My family has enjoyed “perfect” Biryani for the last 60 years or so. My dad’s uncle was a Biryani addict who lived in Calcutta during the 40’s prior to the partition of India. He befriended the master chef of the once famed Amjadia restaurant, and perfected the skills with his help. However, it was a shame for an Indian man to cook at home in those days. Cooking was either left to the servants or the women! What a shame! So he trained a few ladies in the family, including my mom, to cook high quality Biryani for him and other family members and friends.

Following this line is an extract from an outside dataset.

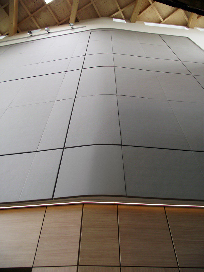 The construction reportedly incorporates micro swirl air cells within the SuperPhon panels which are said to provide ‘superior’ levels of sound absorption. Significantly enhancing sound absorption, particularly at the low end of the frequency spectrum, this is said to reduce the total panel area required to achieve a specified level of reverberation control, as compared with standard absorptive solutions.

Kutchi is the type that is always favored in my family as the Pakki type has somewhat lower respect. A perfect Biryani has the meat done just right-fully cooked but juicy, neither too hard nor too soft; rice grains remaining separate and fluffy after cooking, and the entire house fills with the unmistakable aroma of Biryani as the sealed pot is opened just before serving, declaring an ambience of festivity. I will give away a few of our family’s Biryani secrets today for the benefit of fellow Biryani buffs.

1. Basmati is the rice of choice. Seeks out rice that was harvested a year or two earlier. It is easy in India but may not be feasible in the US. Older rice has lower moisture content, and therefore, more suitable for Biryani as it absorbs more gravy with oil/butter oil/ghee, and tends to be less sticky. In any case, the rice must be rinsed thoroughly before boiling to remove any loose starch clinging to the surface. Do at least 5 changes of water, and soaks the rice in water or milk for 2 hours or so before boiling. Soaking will give surprisingly longer grains. A small piece of Alum (potassium aluminum sulfate) thrown into the boiling water helps to keep the rice grains separate but it is not recommended for health concerns.

While boiling the rice, the water must be sufficiently seasoned with salt and spices! Use cardamom, cloves, mace, and bay leaves among other things, all tied in small bag of cheesecloth. Salting in the boiling water will season the rice fully, and the Biryani will not taste bland. The spice bag is removed after draining the rice.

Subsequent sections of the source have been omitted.